____ Data extracts

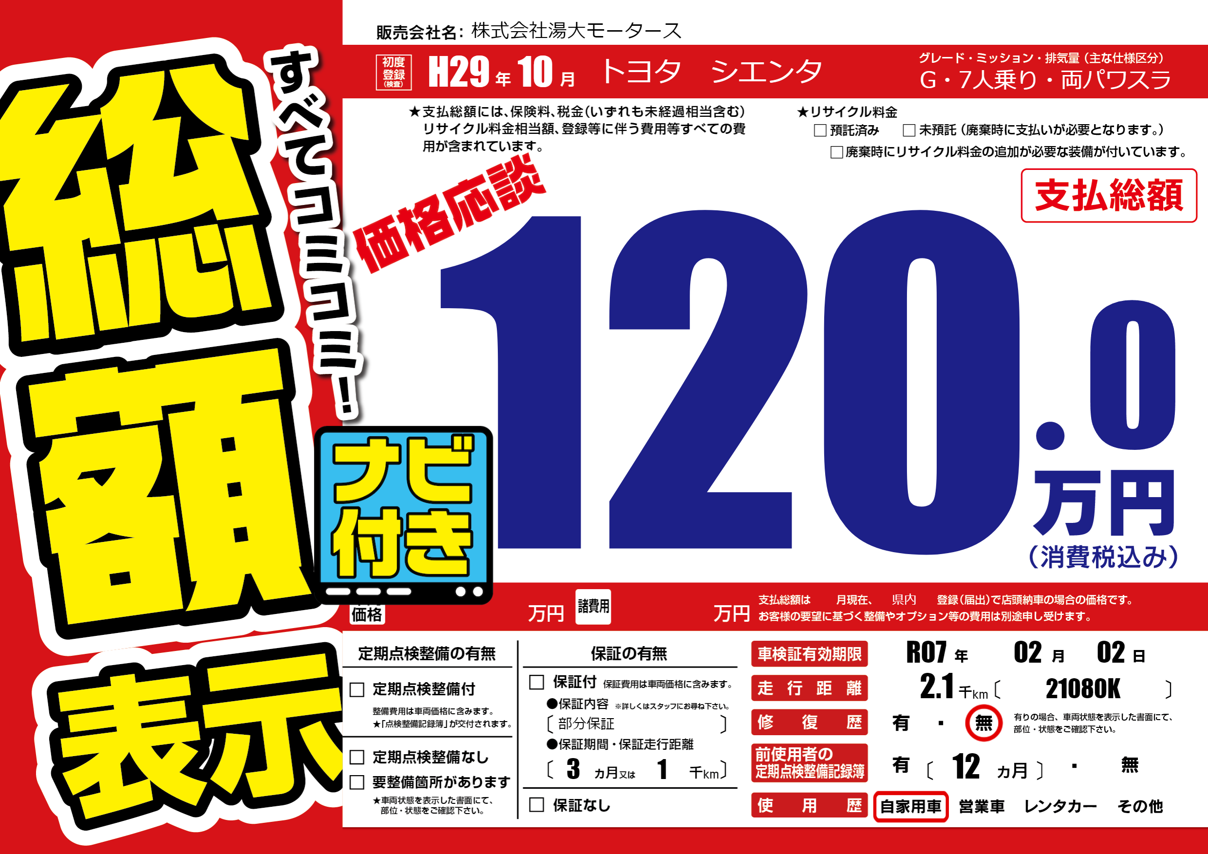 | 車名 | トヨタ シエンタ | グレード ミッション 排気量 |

________
____ Data extracts

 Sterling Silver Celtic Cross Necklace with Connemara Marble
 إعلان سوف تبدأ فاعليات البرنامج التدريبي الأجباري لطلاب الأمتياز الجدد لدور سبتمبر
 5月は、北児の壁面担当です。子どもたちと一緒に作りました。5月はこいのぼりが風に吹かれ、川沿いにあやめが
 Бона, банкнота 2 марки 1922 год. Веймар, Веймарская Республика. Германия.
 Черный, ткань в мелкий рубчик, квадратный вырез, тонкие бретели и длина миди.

________

#### How to complete this task
Of the lines above, retype only those from the line containing "5月は、北児の壁面担当です。" through the line containing "Черный, ткань в", including both, exactly.

#### Answer for the task
 5月は、北児の壁面担当です。子どもたちと一緒に作りました。5月はこいのぼりが風に吹かれ、川沿いにあやめが
 Бона, банкнота 2 марки 1922 год. Веймар, Веймарская Республика. Германия.
 Черный, ткань в мелкий рубчик, квадратный вырез, тонкие бретели и длина миди.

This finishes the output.